Look, Pete...if we're going to have a reasonable conversation, a little charitable goodwill is in order, don't you think?
You mix up uses of the words logic and logical. For example, can you see the difference between 'a logical argument', 'a logical rule', 'a logic deals with language', and 'not all uses of language are logical'?
No. It's just the nounal and adjectival uses of exactly the same concept.
Mathematics is a language. And as with any language, its 'application' to reality is not inherent or given in advance. We can and do use it in countless ways, and no one way is 'correct' or 'accurate'. Meaning is use.
Well, meaning is use, but correctness is mathematical. Mathematics belongs to the realm of abstraction, and meaning to the empirical world; but these are not actually two different worlds, as Hegel realized. Rather, one is one kind of representation (the universal) and the other the other kind of representation (the particular) of one-and-the-same world. It would be a sort of naive Platonism to separate them in the way you appear to be trying to do.
To put it simply, maths and logic both have definite applications to the real world, and more precise applications than casual thought can ever achieve. That's what makes them worth having. They work. So there's no strict separation between the abstractions of logic or maths and the particulars of the cases to which they apply.
Thanks. But please read carefully. I didn't mention truth-value. And I explained its irrelevance for validity to you not long ago.
Yes, which makes it all the more startling that you seemed to have reversed yourself here. I would not have expected that error...calling an argument "invalid" when the formal structure is actually valid. If you didn't mean that, then fine.
My point is that deductive validity requires that a conclusion can't contain information not present in the premise or premises of an argument. So mathematical or logical premises - such as rule-assertions - can't entail non-mathematical or non-logical conclusions.

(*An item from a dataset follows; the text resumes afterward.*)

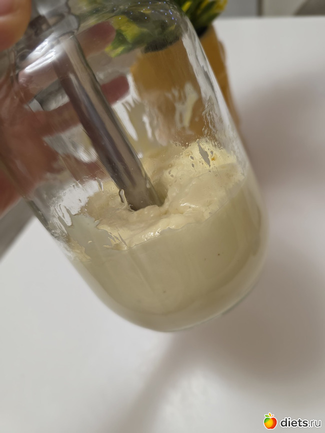 Отправляем ВСЕ ингредиенты разом в высокий стакан или банку. Да, масло тоже! Никаких сложностей.
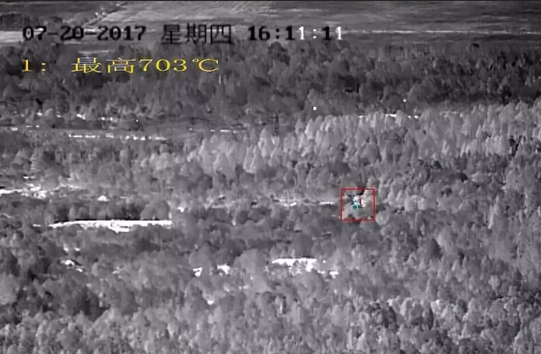 云臺實現(xiàn)了煙火的實時動態(tài)檢測,相對后端檢測的形式,提升了檢測效率,發(fā)現(xiàn)目標(biāo)更快速更準(zhǔn)確,規(guī)避由于遠(yuǎn)距離傳輸圖像延時、丟失帶來的漏檢。同時還可設(shè)置煙火屏蔽區(qū)域以及利用可見光進(jìn)行火情的清晰確認(rèn),利用可見光的同軸定位功能,無偏離同步定位查看細(xì)節(jié),同時,可見光可自動調(diào)整倍率快速聯(lián)動跟蹤,確認(rèn)火點。實測中,熱成像火點后,可見光立即同步調(diào)整與變焦,將火點區(qū)域置于畫面中心。

That sounds very much like the naive Platonism I was speaking of. The world of maths and the empirical world are not
two worlds, but
one described obversely. See Hegel.
As I understand it - and I'm not a mathematician - the argument about infinity goes on.
Some arguments about infinity do: this one doesn't. It's too easy to demonstrate. And since actual infinite regresses of prerequisites never start (which maths prove), and cause-and-effect clearly posit a regress of prerequisites, we can know for certain that cause and effect cannot be the product of an infinite regress.
It's inescapably clear. And it's empirically demonstrable, as well, if you simply try to do the calculation yourself. You cannot do it. You'll never start.
There's the unity of the universal and the particular again. The maths say it, and the empirical says it. Pretty conclusive, one must say.